Below: which bottles to reach for, how much to use, what the wine is actually doing — and the recipes that put it to work. If you only take one thing away, make it this: cook with wine you’d drink, and add it early enough to lose its raw edge.

The best red wines to cook with (and the ones to skip)

Reach for dry, medium-bodied reds with good fruit and moderate tannin. Côtes du Rhône, Merlot, Chianti, Grenache and inexpensive Cabernet all braise beautifully. Skip anything labelled “cooking wine” (over-salted and flat), very tannic or heavily oaked bottles (they turn bitter as they reduce), and sweet reds for savoury dishes.

How much red wine to use

For a braise or stew serving four, 250ml — about a large glass — is the sweet spot: enough to flavour the dish without drowning it. For a quick pan sauce, 100–150ml is plenty. The wine should support the dish, not shout over it. Every recipe on the site tells you exactly, in The Wine Note.

What red wine actually does in a dish

Three things, mostly. It deglazes — lifting the caramelised brown bits (the fond) off the pan into the sauce. It reduces — concentrating into deep, savoury body as the liquid cooks down. And it tenderises — its mild acidity helps break down tougher cuts over a long braise. Add it early and let it bubble to cook off the sharp, raw alcohol edge before the slow cook.

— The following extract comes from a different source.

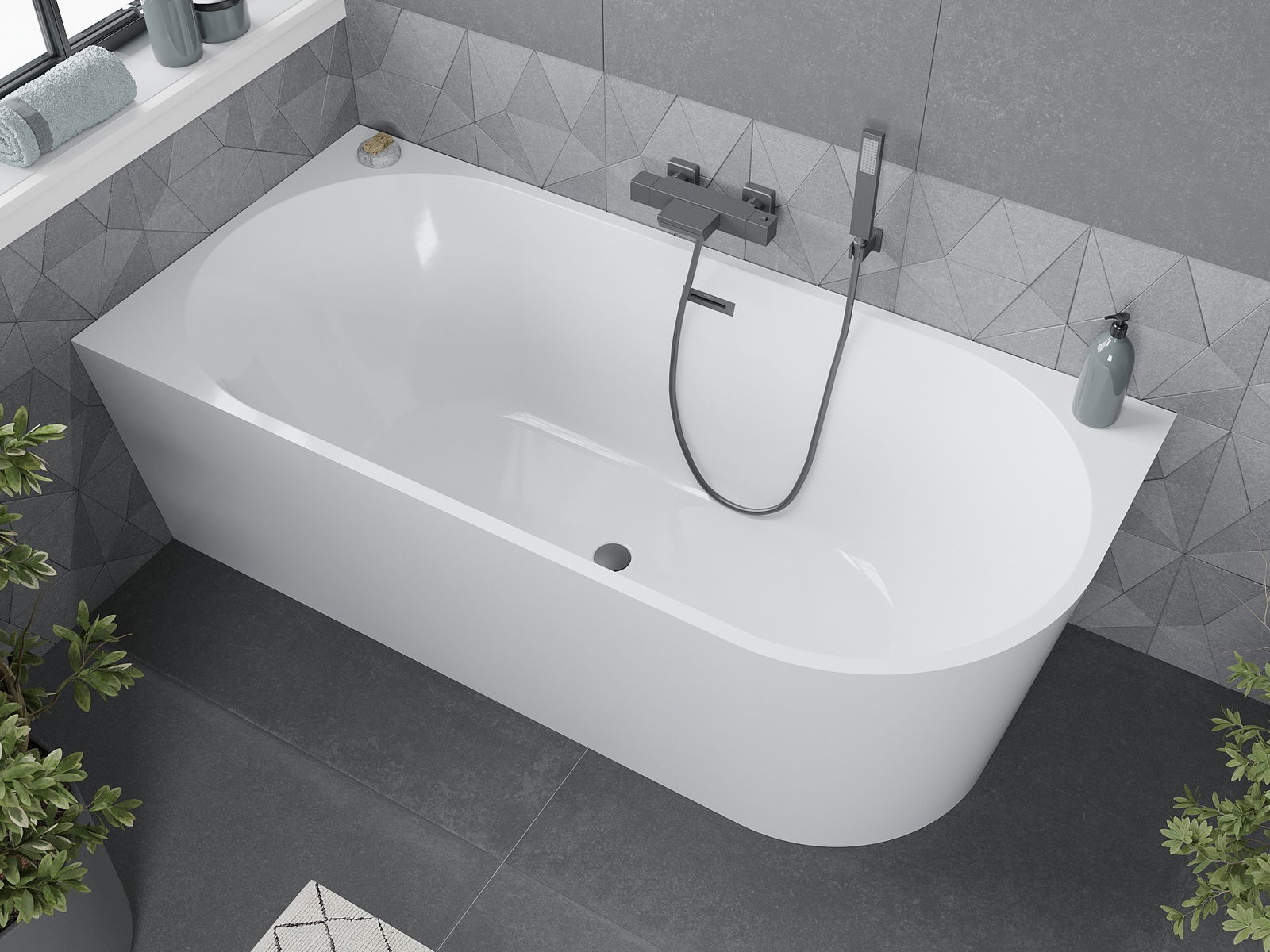 Mexen Mia is an elegant freestanding corner bathtub measuring 160 x 75 cm, ideal for modern bathrooms. It provides comfort with a height of 58 cm and a depth of 45 cm. Made from sanitary acrylic, it features resistance to dulling and UV radiation for long-lasting quality. The glossy white surface and gun metal elements add style. The bathtub is easy to install and equipped with an overflow hole and a siphon with a click-clack drain plug.

Do you cook off the alcohol?

Mostly, yes — but not entirely. A long braise or a reduced sauce burns off the great majority of the alcohol while keeping the flavour. A splash stirred in at the very end keeps more. If you’re cooking for anyone avoiding alcohol, use the substitute below instead.

No open bottle? Red wine substitutes that work

It depends on what the wine was doing. For most braises and sauces, swap in stock plus a splash of red wine vinegar (roughly 200ml stock + 1 tbsp vinegar for every 250ml wine). For a non-alcoholic option, red grape juice cut with a little vinegar gets you close. None are quite the real thing — wine adds a depth that’s hard to fake — but they’ll get dinner on the table.

If the wine was…Swap in
Braising a tough cutBeef stock + 1 tbsp red wine vinegar
Making a pan sauceStock + a squeeze of lemon or splash of balsamic
Non-alcoholic neededRed grape juice + a little vinegar

Recipes that cook with red wine

Here’s where that open bottle goes to work. Start with the braise that started it all.

Frequently asked questions

What is the best cheap red wine for cooking?

An inexpensive dry red you’d still drink — a supermarket Côtes du Rhône, Merlot or Spanish Garnacha. Avoid bottles labelled “cooking wine.” Price matters far less than it being dry, fruity and not oaky.

Can I use red wine that’s been open for a few days?

Yes — this is exactly what cooking with wine is for. A bottle that’s a little past its best for drinking is perfect in a braise, where reducing and long cooking revive its flavour.

Does the alcohol fully cook off?

Most of it does over a long braise or a reduced sauce, though a small amount can remain. Add wine early and let it simmer for the most cook-off; use a substitute if you need it fully alcohol-free.

How much red wine do I add to a stew?

Around 250ml — a large glass — for a stew serving four. Enough to flavour and tenderise without overwhelming the dish.